2. Example: Get Tautomers Using the Python Library Interface
Since the tautomers are ranked based on their conformer energies, the 1st step is to generate conformers for all tautomers.
The conformer generation step sets max_confs=10 and patience=200. Because here we care more about the relative stabilities of tautomers, 10 conformers from each tautomer would be a good representation whereas maintaining high efficiency. You need to set max_confs and patience to larger values to get more precise energy difference between tautomers.
get_stable_tautomer function directly accepts the arguments from the options function. In addition, get_stable_tautomer also needs either tatuo_k or tauto_window for tautomer selection. The tautomers are saved in the output SDF file. Internally, the get_stable_tautomer function calls the main function to get 3D conformers and then selecte stable tautomers.
[2]:
# Let's look at the molecule that we are going to investigate
# We want to know the relative stability of tautomers of this molecule
input_path = os.path.join(root, "example", "files", "sildnafil.smi")
mol = next(Chem.SmilesMolSupplier(input_path, titleLine=False))
mol.__sssAtoms = [8, 9, 10, 11, 12]
Draw.MolToImage(mol, size=(400, 300), highlightAtoms=[8, 10, 12])
# Note the highlighted atoms (N, N, O), this is where the proton transfer happens.
[2]:
[ ]:
# Get the 3D conformers for input SMILES
if __name__ == "__main__":
config = Auto3DOptions(
path=input_path, k=1, enumerate_tautomer=True, tauto_engine="rdkit",
optimizing_engine="ANI2xt", # ANI2xt is NNP designed for tautomers
max_confs=10, patience=200, use_gpu=False
)
tautomer_out = get_stable_tautomers(config, tauto_k=3)
The output of the get_stable_tautomers function is stored as an SDF file, you can visualize it with other softwares. Below we just load the conformers using rdkit and visualize them.
[4]:
# visualize the tautomers for sildnafil and their relative energies
tautomers = list(Chem.SDMolSupplier(tautomer_out))

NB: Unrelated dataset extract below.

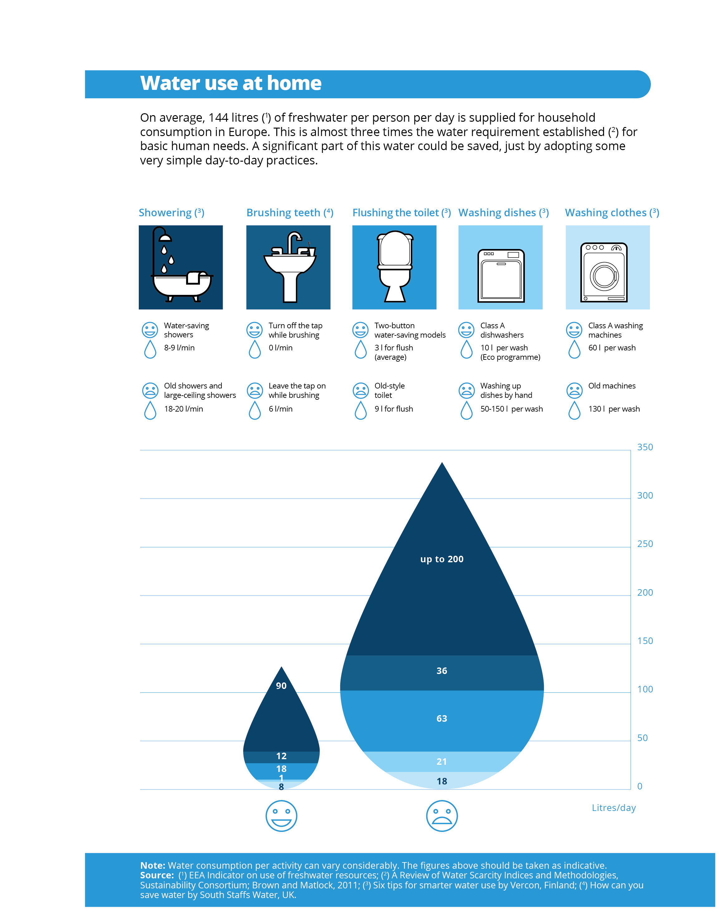 A combination of measures — pricing policies for saving water, reducing leakage, installing water-saving devices and more efficient household appliances — could help save up to 50 % of the water abstracted. Consumption could be reduced to 80 litres per person per day across Europe.
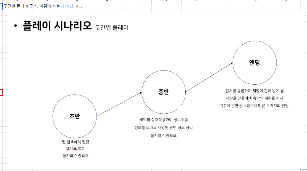 지역별로 어떤 플레이를 하게 될 것인지. 구역별로 이벤트가 하나씩 있는 것이 좋다.

ids = [mol.GetProp('ID') for mol in tautomers]
relative_es = [mol.GetProp('E_tautomer_relative(kcal/mol)') for mol in tautomers]
legends = [ids[i] + '\n' + relative_es[i][:5] for i in range(len(tautomers))]
Draw.MolsToGridImage(tautomers, legends=legends, subImgSize=(400, 300), highlightAtomLists=[[9, 10, 31] for _ in range(3)])
# the following is a projection of 3D tautomers into a 2D figure
[4]:
We can see the relative stability of the tautomers of sildnafil.
3. CLI Alternative
For command-line usage, Auto3D provides built-in tautomer support:
Using Configuration File
# Create tautomer configuration
cat > tautomer.yaml << EOF
enumerate_tautomer: true
tauto_engine: rdkit
optimizing_engine: ANI2xt
max_confs: 10
patience: 200
k: 1
use_gpu: true
EOF
# Run with configuration
auto3d run input.smi -c tautomer.yaml
Direct CLI Command
# Basic tautomer enumeration
auto3d run input.smi --k=1 --enumerate-tautomer --gpu
# With ANI2xt (recommended for tautomers)
auto3d run input.smi --k=1 --enumerate-tautomer --engine=ANI2xt --gpu
# Keep top 3 tautomers per molecule
auto3d run input.smi --k=3 --enumerate-tautomer --engine=ANI2xt --gpu
For advanced tautomer analysis with the Python API (e.g., to use tauto_k parameter), see the get_stable_tautomers function demonstrated above.